Messaging for build observability

  • Jack Grahl, Deutsche Bank

I will talk about how we can make observability of the pipeline a reality, and how central message brokers fit into that design.

Monitoring User Session Statistics with Apache Kafka and ksqlDB

  • Cemalettin Kaya, Trendyol
  • Anıl Doğan, Trendyol

This session intends to explain as Trendyol Tech, how we track user session information using Apache Kafka, ksqlDB and Debezium.

Monitoring Your Business Metrics With Kafka + Grafana

  • Eduardo Boccato, ABInBev (BEES)

In this Lightning Talk, we will discuss how Kafka can help you to gather data from different places and persist them to a database to be monitored in a Grafana dashboard.

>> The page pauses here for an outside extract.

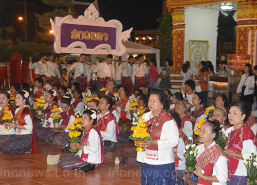 ชาวไทญ้อสกลนคร นำขันหมากเบ็ง ถวายเป็นพุทธบูชาต่อองค์พระธาตุเชิงชุม และหลวงพ่อองค์แสน สิ่งศักดิ์สิทธิ์คู่บ้านคู่เมือง
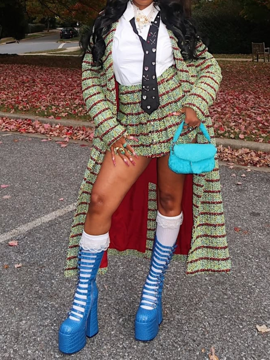Crafted from cozy woven tweed, this playfully elegant jacket features a colorful plaid pattern with golden metallic detailing interwoven throughout, a notch lapel collar, long sleeves, a double-breasted front closure with ornate silver-tone buttons, dual waist pockets, a coordinating adjustable waist belt, a back vent slit, and a sleek inner lining. Complete with a longline silhouette.

Reliable Event Delivery in Apache Kafka Based on Retry Policy and Dead Letter Topics

  • Jacek Grobelny, Consdata

In this short presentation, I will talk about a pattern based on three topics: operational, retry, and DLQ, and how it can be handled programmatically.

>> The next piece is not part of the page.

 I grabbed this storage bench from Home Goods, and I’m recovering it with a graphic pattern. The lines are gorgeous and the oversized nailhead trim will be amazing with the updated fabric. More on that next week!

Streampunk - The Difference Engine for Unlocking the Kafka Black Box

  • Ralph M. Debusmann, Forecasty.ai

This lightning talk starts with a demo of how you can conveniently fulfill basic tasks such as listing and consuming topics using Streampunk in the Python interpreter. After that, I'll lead you through real-life examples of increasingly difficult challenges.

Tips for Apache Flink on Kafka

  • Olena Babenko, Aiven

In 10 minutes you’ll learn all the basics of Flink over Kafka: starting by defining the types of connectors, we’ll explore how to work with various data formats, using pre-defined schemas when appropriate, and storing the pipeline output as standard or compacted topic when needed.